Les toits en shed sont présents sur plus d'1 site sur 2 ; les toits en terrasse surtout dans la Marne ; et les toits en pavillon, témoignage souvent de constructions plutôt monumentales, surtout dans les Ardennes où ils concernant 1 site sur 3, et dans la Marne (1 site sur 4).

Si l'énergie qui mouvait ces filatures a été majoritairement l'énergie thermique (pour 3 usines sur 4) et/ou électrique (pour 2 usines sur 3 ; produite sur place environ dans 1 cas sur 2), elle avait été initialement l'énergie hydraulique dans 1 cas sur 2 ; ce qui explique que les filatures furent nombreuses à remployer des sites de moulins (1 cas sur 4) ; et qu'elles se trouvent souvent en bordure d'un cours d'eau (près de 2 cas sur 3), notamment en Haute-Marne (100 % des sites) et dans les Ardennes (79 %), mais moins dans la Marne (50 %) et dans l'Aube (43 %).

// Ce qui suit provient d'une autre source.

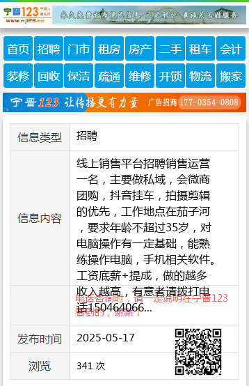 线上销售平台招聘销售运营一名,主要做私域,会微商团购,抖音挂车,拍摄剪辑的优先,工作地点在茄子河,要求年龄不超过35岁,对电脑操作有一定基础,能熟练操作电脑,手机相关软件。工资底薪+提成,做的越多收入越高,有意者请拨打电话15046406678张经理15046406678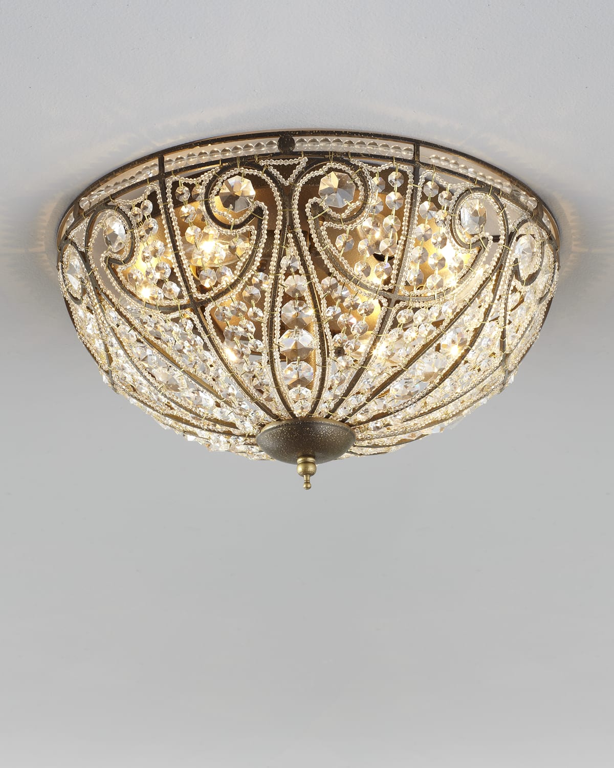 Handcrafted flushmount ceiling light. Mounts flush with the ceiling with little or no space between the fixture and the ceiling itself. Inspired by a moonlit vision of St. Paul's Cathedral. Hundreds of leadcrystal beads in a steel frame with golden finish. Uses six 60watt candelabrum bulbs. 17"Dia x 9"T. Imported.

Au niveau formel, les bâtiments en hauteur caractérisent les premiers âges de la filature concentrée (industrielle). Il est surtout possible de se faire une idée de ces dispositions initiales avec des exemples trouvés dans le département des Ardennes : dans les sites de Lalobbe, Mouzon, Angecourt, Givonne et Pouru-Saint-Remy (bâtiment disparu), Rethel (usine Lainé), La ferté-sur-Chiers et Chémery-sur-Bar. Dans le département de l'Aube on pourra mentionner le site Thévenot à Troyes (après 1870) et en Haute-Marne le site chaumontais de Buxereuille.

A la fin du 19e siècle, les filatures se développent en surface et non plus en hauteur, à l'exemple d'Hannogne-Saint-Martin (08) où la filature primitive est reconstruite après un incendie avec des bâtiments en rez-de-chaussée à sheds.

Dans le même temps, le tissage est de plus en plus intégré au sein d'usines textiles plus généralistes. Deux paramètres qui expliquent l'étalement en surface des sites à cette époque. Les bâtiments accueillant les filatures ne se distinguent plus guère alors des autres structures industrielles avec leurs formes étales en rez-de-chaussée et couverts de toits en shed.

Parmi les sites les plus monumentaux on pourra citer 4 sites ardennais : la fabrique Poursain à Chémery-sur-Bar (après 1829) et les filatures Paté/Poupart à Neuflize (après 1868), Lainé à Rethel (3e quart 19e siècle) et Parent-Clavière à Sedan (salle des machines de 1879) ; 2 sites marnais : l'ancienne filature de soie La Chappe, actuellement Sarlino, à Reims (vers 1900 et années 1920) et la filature Harmel à Warmeriville (après 1874 et années 1920 ; notamment pour son entrée monumentale) ; et 1 site haut-marnais, celui de Chaumont/Buxereuilles (19e siècle).

Aucune filature n'est protégée au titre des monuments historiques en Champagne-Ardenne.